School started up again in mid January after nearly a month off. Since then, to be completely honest, I’m not sure whether I’ve been here first as a student or as a job seeker. These last few weeks have been a whirlwind of interviews, dinners, phone calls, plane rides, hotels, super days, and thank you notes. I wish I could say that I’m all done at this point, but I’m still working it out. Fortunately, I have options and options are never a bad thing.

Coming into this year’s recruiting cycle, I knew I wanted to cast my net as widely as possible. I genuinely wasn’t sure how much traction I was going to get in terms of first round interviews, let alone follow-up interviews. But I was pleasantly surprised to end up with many first round interviews (I’m very good at walking people through my resume now … and talking about my biggest weakness). Of that, I flew out for a hand-full of final round interviews. The most intense final round day I had was 10 interviews back-to-back combined with a 45-minute presentation on a company pitch that I was assigned a week before hand.

The interview prep, travel, actual interviewing, and thank you noting combined with my usual school responsibilities kept me extremely busy over the last few weeks. I have probably missed more class in the last 4 weeks than I’ll miss in the next 4 terms, but through it all my professors have been understanding, my team supportive, and most importantly, my wife has been a champ. Seems like every Sunday evening I’d give her an overview of the week to come — what city I’ll be in, which companies, and how much time I’ll be needing at school to prep. Even though I was away in some distant city, she still packed up our 2 kids and made it to every Fuqua Friday without me!

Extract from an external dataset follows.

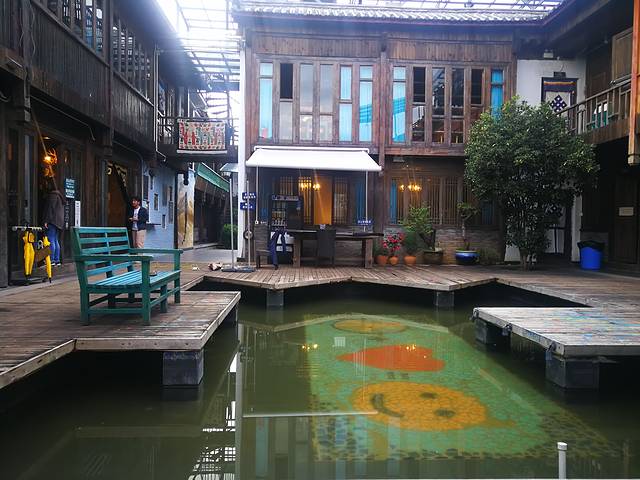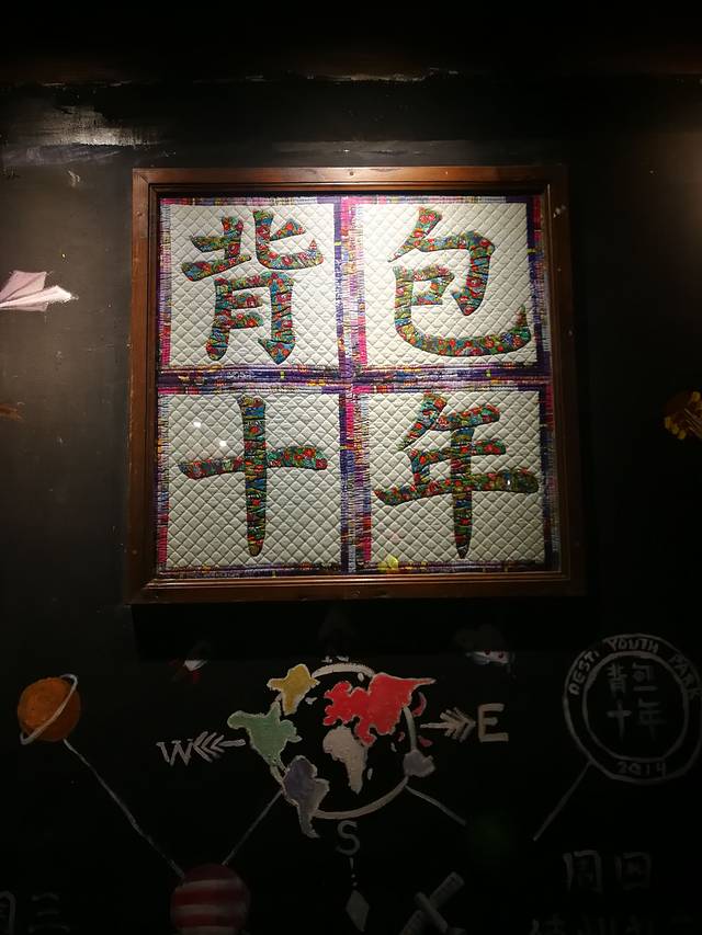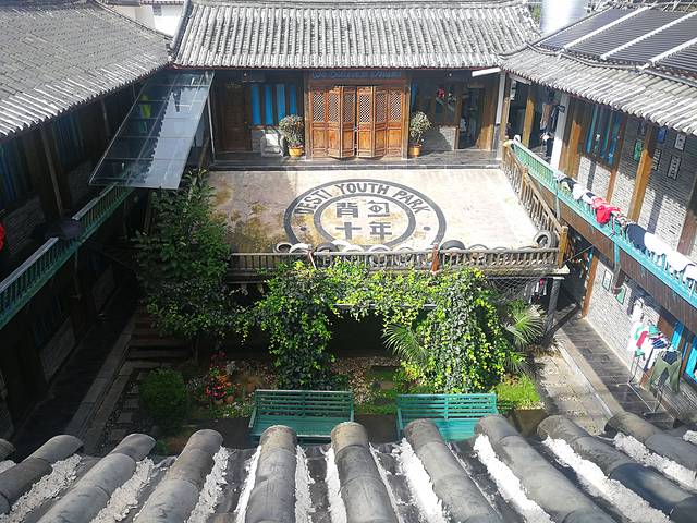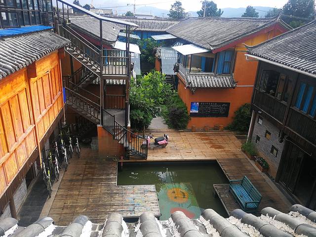背包十年在束河古镇算是颇有名气,很容易打听到。客栈类似一个狭长的四合院,院子中央一方水塘,吧台厨房行李房售卖机围绕在水塘周围,水塘同时也把院子分成了两个相对独立的部分。往东是男生院子,西边是女生院子。女生这边院子比东边大了些,房顶上四个大字“背包十年”格外醒目,放映机就设在女生院子的二楼,大荧幕就挂在对面一个小舞台的上方。整个二层走廊都有加了座椅的木围栏。

I also want to give some praise to the Career Management Center. They don’t exactly get in your face before each interview, but if you want help they’re absolutely there and very helpful. I’m not sure I fully realized this until the recently weeks. They’ve been extremely informative through the process and are also excellent people to bounce interview or offer strategies off of. After all, they do this for a living and so they’ve generally seen it all at this point. The myth (and naïve hope) at any business school is that the career center basically lines up top companies and simply gives you jobs like candy (at least, I sort of thought that). But what I found was that the career center ends up being a strategic partner — you work WITH them (rather than them working FOR you) and when you learn to work together, the opportunities roll in.